Public funds for bank get mixed reaction from political parties

The government on May 17 decided to put two trillion yen of public funds into Resona Holdings Inc., one of Japan's major financial groups, to help it financially survive. Resona is financially troubled due to a capital shortfall.

Resona will be Japan's first financial group to be placed under state control to receive special government support. Asked by the government to carry out sweeping cost cutting restructuring to rebuild itself, Resona will cut its workforce and the number of its subsidiaries.

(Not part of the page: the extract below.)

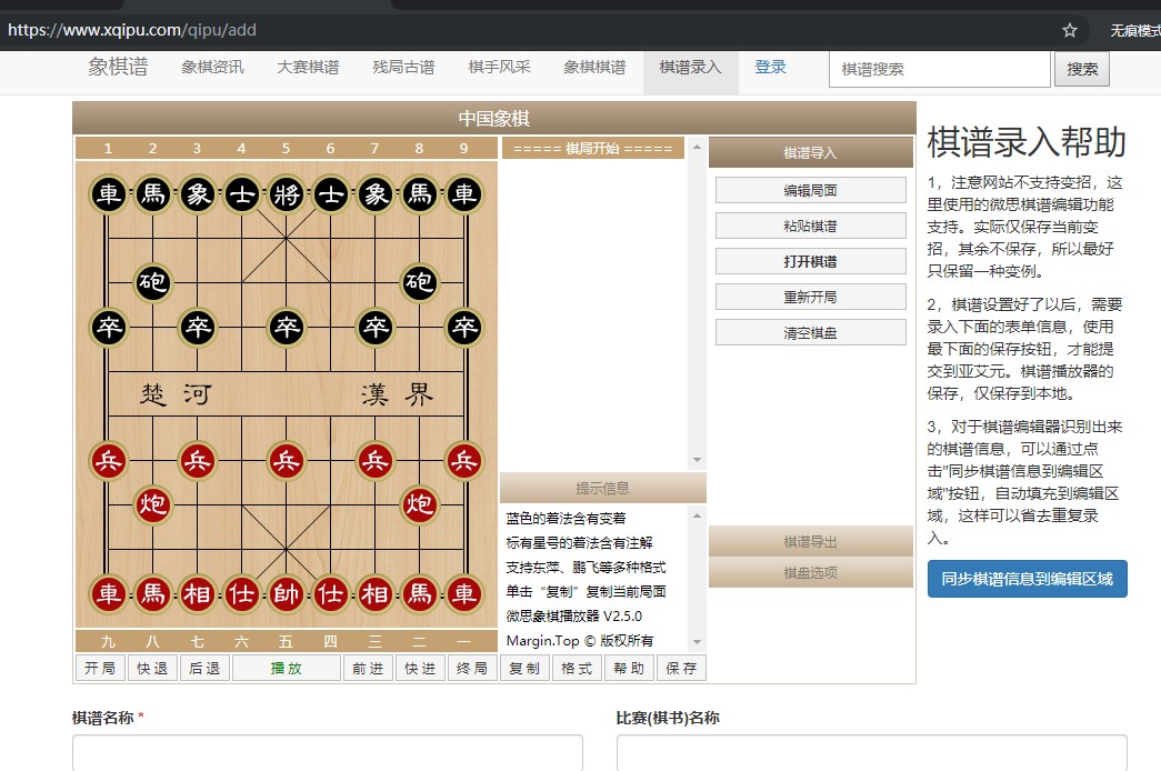 登录成功后,点击导航里面的棋谱录入链接,https://www.xqipu.com/qipu/add

Japanese Communist Party Secretariat Head Ichida Tadayoshi issued a statement on the same day saying that the Koizumi Cabinet's financial policy is to blame for the Resona group's financial crisis.

Ichida said: "The Koizumi Cabinet has taken no steps to help improve the actual economy. On the contrary, it has pushed ahead with the so-called Takenaka Program focusing on accelerating the disposal of bad loans held by banks, putting the Japanese economy in a deep and new crisis as represented by stock falls, the zero-economic growth rate, and cuts in personal incomes."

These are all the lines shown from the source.